He left the room, and went in search of his host. Mr Barley was hovering about the hall, like a distracted foster-mother of chicks, and took him at once to the drawing-room, where Elaine and Jim Carton were talking softly by the window.
Elaine went up to Tollard with outstretched hands when he came in, her face showing some emotion when she saw how much the tragic news had changed and aged him. She murmured a few words, and then turned to Carton, who had watched their greeting with a thoughtful and not very approving eye.
‘You know Jim Carton,’ she said. ‘He heard I was here, and came down to see me.’
‘Of course,’ said Tollard, staring for a moment at his old acquaintance. ‘I haven’t heard of you for years, Carton.’
They shook hands, and Carton spoke his sympathy. Grover came in at that moment, and said the superintendent would like to see Mr Barley and Miss Gurdon before he left. They excused themselves, and went out. Carton sat down, and fixed his eyes on Tollard.
‘This is a damned ugly business,’ he said. ‘I’m more sorry for you than I can tell, old man.’
Tollard sat down. ‘Terrible. I only hope these police here are competent to unravel it. I can’t say that the specimen in the other room impressed me much. He seemed almost inclined to believe that I might have had something to do with it.’
Carton stretched out his long legs. ‘I know how you feel. I should feel the same, though it is not a very logical attitude.’
Tollard glanced at him quickly. ‘Why not?’
‘Because you can’t be logical without looking at both sides. You haven’t done anything; therefore you wonder why you are questioned about your movements. But the police don’t know you, they don’t know what you have, or have not, done. They are bound to thrash out—especially in this case.’
They were men of very diverse temperament and outlook. At this moment Tollard began to feel a sensitiveness about Carton’s attitude that resulted in the faintest shade of hostility.
‘Why especially in this case?’
Carton shrugged. ‘Excuse me, old man, if I sound sententious. But, as I was telling Elaine a little while ago, I had some police work of a kind to do in Africa. It was part of my job. It gave me an insight into the feelings of those whose duty it is to investigate unpleasant things.’

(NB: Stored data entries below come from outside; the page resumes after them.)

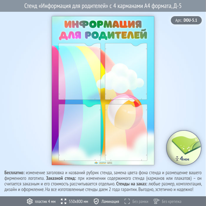Стенд «Информация для родителей» с 4 карманами А4 формата (DOU-5.1) в Ульяновске купить
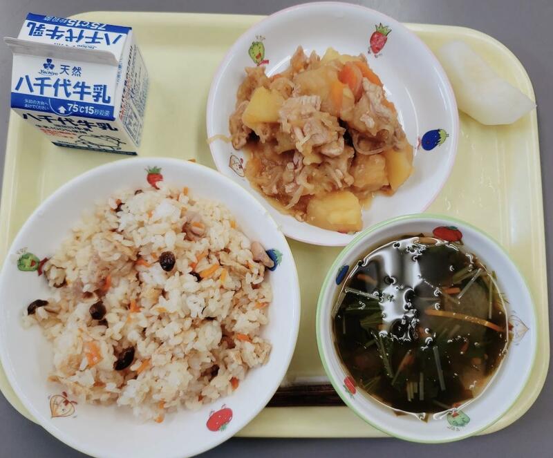 たきこみごはん にくじゃがぴりからに とうがんのすましじる いちかわのなし |
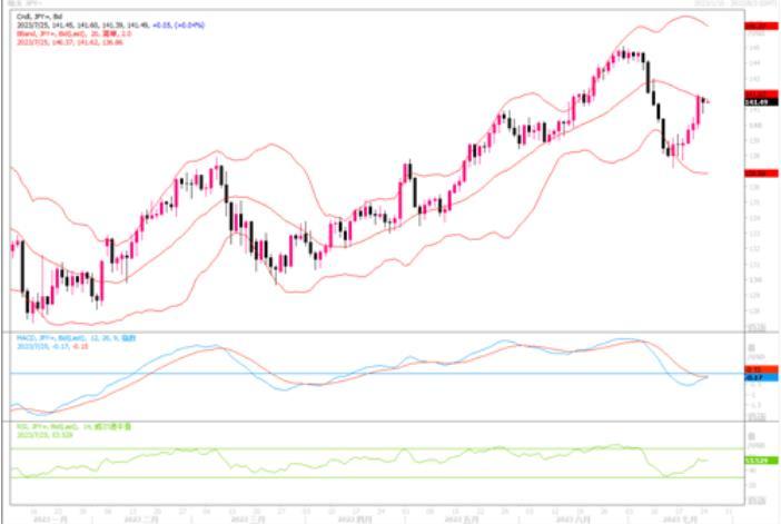 周一(7月24日)美元兑日元下跌0.22%,收盘于141.48。本周日本央行也将召开利率会议。尽管日本央行的官员们似乎仍保持着维持宽松的态度。但交易员们似乎觉得在这三大央行中,日本央行最有可能宣布引发市场波动的意外决定,交易员称,市场认为日本央行将有可能调整其收益率曲线控制(YCC)政策。如果日本央行最终果然有所行动的话,无疑将会引起日元的剧烈波动。因此,汇市上日元的交易似乎有提前为此做准备的动向。日线图上,美元/日元此轮反弹目前遇阻于布林带通道中轨线。4小时图上,MACD信号线出现粘连,RSI也从超买区域有所回落,美元继续冲高力度开始减弱。在欧美日三大央行会议出炉结果之前,料美元/日元的交投将变得谨慎。
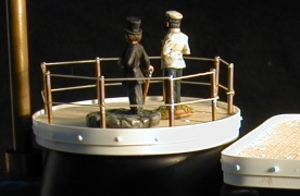 This project seemed to flow from my brain and I raced to get it finished for the upcoming HMGS/PSW con. Here are some pictures of the completed project. There are some great details that people notice after their 3 or forth inspection of the ship. I hand drew all the lettering and designs on it then created decals with and ALPS thermal wax printer.
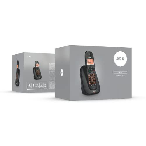 SPC KAIRO - Telefoni fisso cordless, tasti e display illuminati, identificazione del chiamante, volume extra, compatibilità GAP, modalità eco, blocco chiamate, vivavoce, rubrica a 30 contatti - Nero
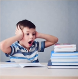②:He's looking at his homework.(他正在看自己的家庭作业。 | その男は今自分の宿題を見ています。)
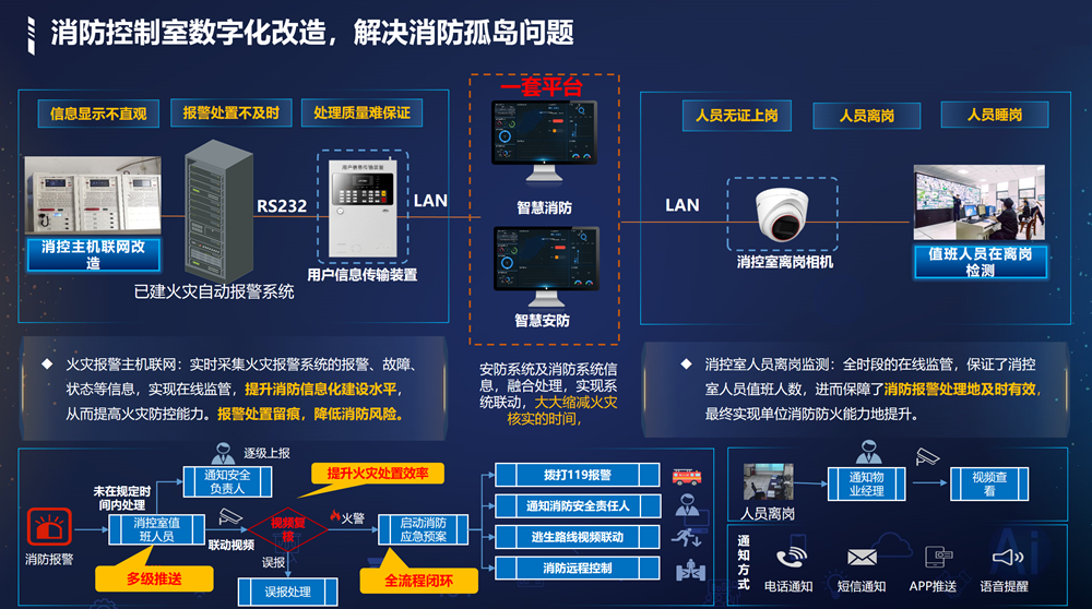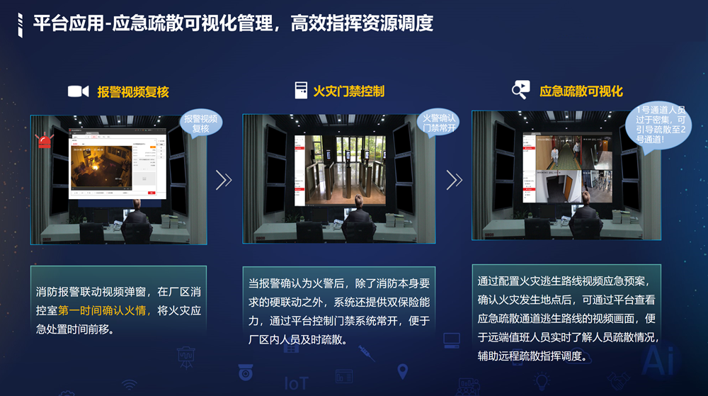 用报警、人员离岗检测。并可联动安防系统实现消防报警视频复核、门禁常开等应用。
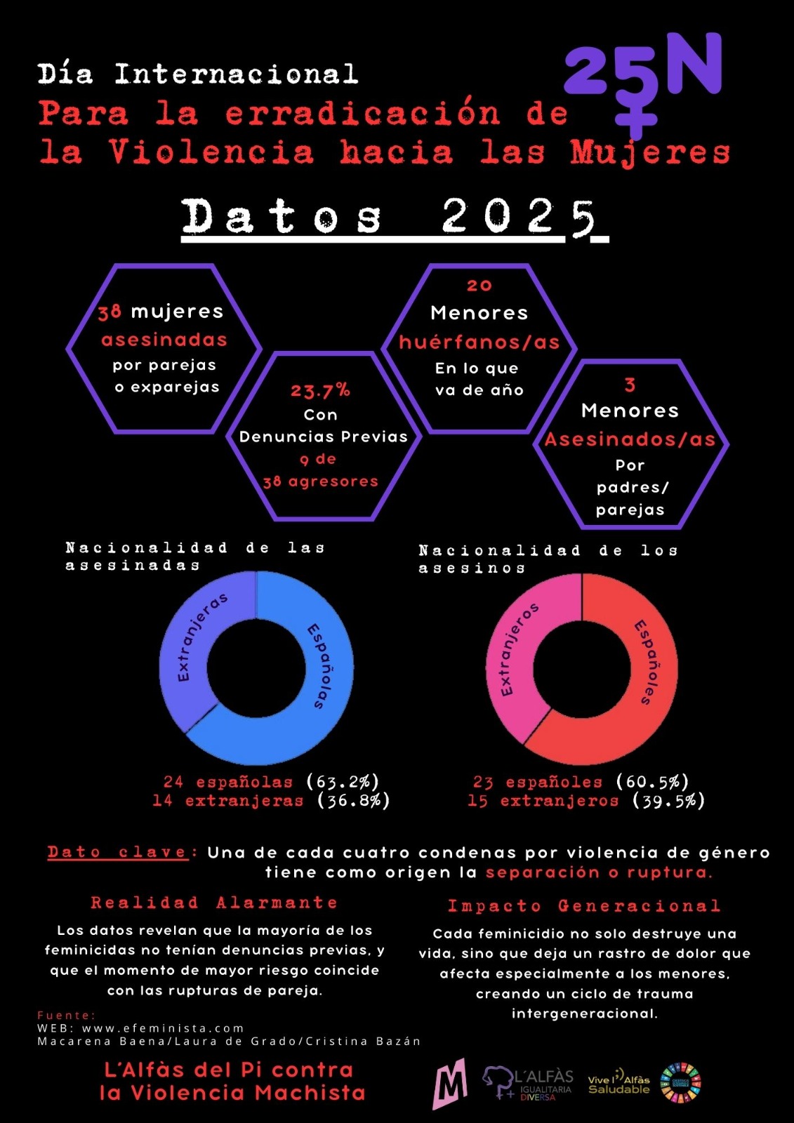 El Ayuntamiento de l’Alfàs del Pi invita a toda la ciudadanía a participar en las actividades programadas con motivo del 25N, una jornada que pretende promover la reflexión y el compromiso colectivo en la lucha contra la violencia hacia las mujeres.
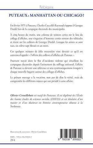 En février 1971 à Puteaux, Charles Ceccaldi-Raynaud s'oppose à Georges Dardel lors de la campagne électorale des municipales. A cinq heures du matin, une colonne de voitures arrive sur lieu du collage d'affiches, une vingtaine d'hommes armés sortent des véhicules et tirent sur les colleurs de Georges Dardel. Lorsque les armes se sont tues, on relève sept blessés et un mort. Ces quelques minutes de folie meurtrière vont devenir ce qu'il est convenu d'appeler l'affaire des colleurs d'affiches de Puteaux . Pourtant noyée dans le flot d'incidents violents qui émaillent les campagnes électorales depuis l'avènement du suffrage universel, l'affaire de Puteaux va devenir une référence et sera systématiquement évoquée à chaque nouvelle bagarre autour des collages d'affiches. Le présent ouvrage a la vocation, non pas de dire la vérité, mais de comprendre les différents enjeux qui ont présidé à cette affaire.
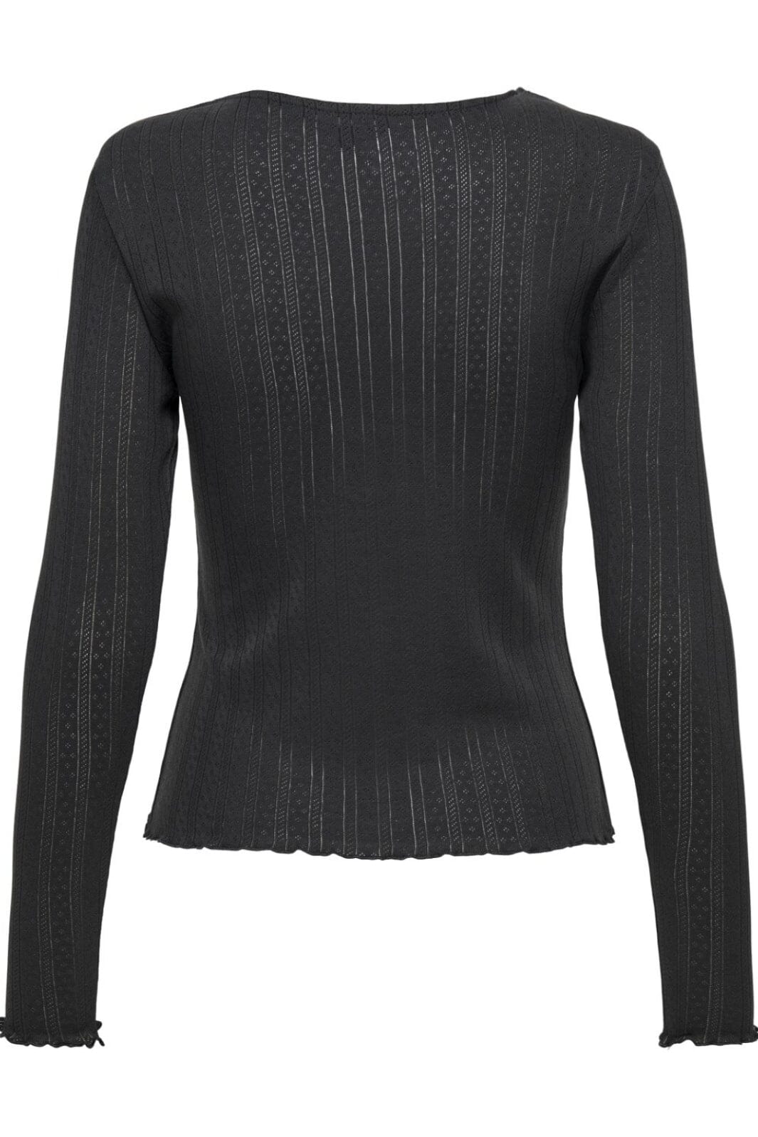 Top noir à manches longues de Only avec col rond. Le top a une couture décorative dans un motif avec des lignes verticales et de petites formes de diamant, ainsi que des bords ondulés aux manches et au bas.
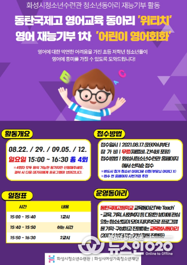 (뉴스인020 = 김성길 기자) 화성시청소년수련관(화성시여성가족청소년재단 운영)은 청소년 동아리 재능기부활동 ‘어린이 영어회화’에 참가할 초등학교 1~3학년 15명을 오는 8월 17일부터 선착순 모집한다.
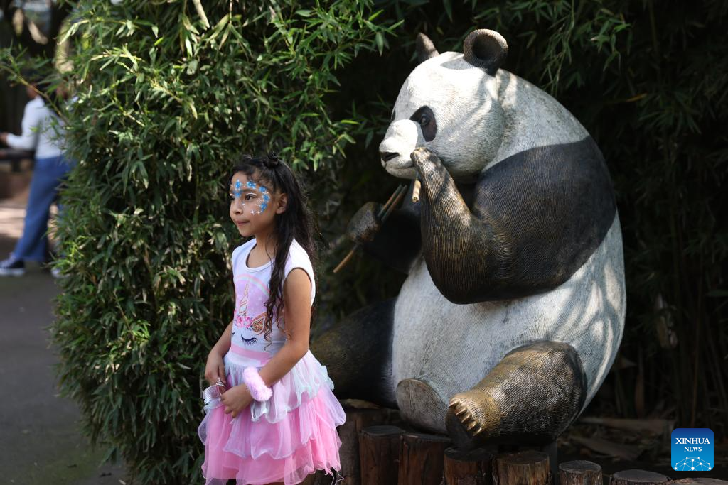 A girl poses for a photo with a giant panda statue at the Chapultepec Zoo in Mexico City, Mexico on July 4, 2024. (Xinhua/Li Mengxin)

‘You haven’t answered my question, Carton.’
‘I’m coming to that,’ replied Carton bluntly. ‘Being away, I have got out of touch with our set, but, to be quite frank, I can see some people wondered at your backing Elaine financially.’
‘I wish they would mind their own business.’
‘Quite. It would, be easier for everybody. But I am trying to look at it as the police will. They hear gossip about this, they wonder if—well, perhaps I had better say no more about it.’
Tollard flushed. ‘You have said enough to tell me what you mean.’
‘What the police may mean.’
‘The police then, if you prefer it. If they are such lunatics as that, they will suspect Miss Gurdon next.’
‘Probably they do,’ said Carton, frowning.
Tollard started. ‘You don’t mean that. How could they?’
‘Very easily. She can use a blow-pipe. She found Mrs Tollard. She has no witnesses—could not have in the circumstances—to prove that she was in her bedroom from the moment she retired to bed, till she went into that room early in the morning.’
‘You are taking a rather brutal line of supposition, Carton.’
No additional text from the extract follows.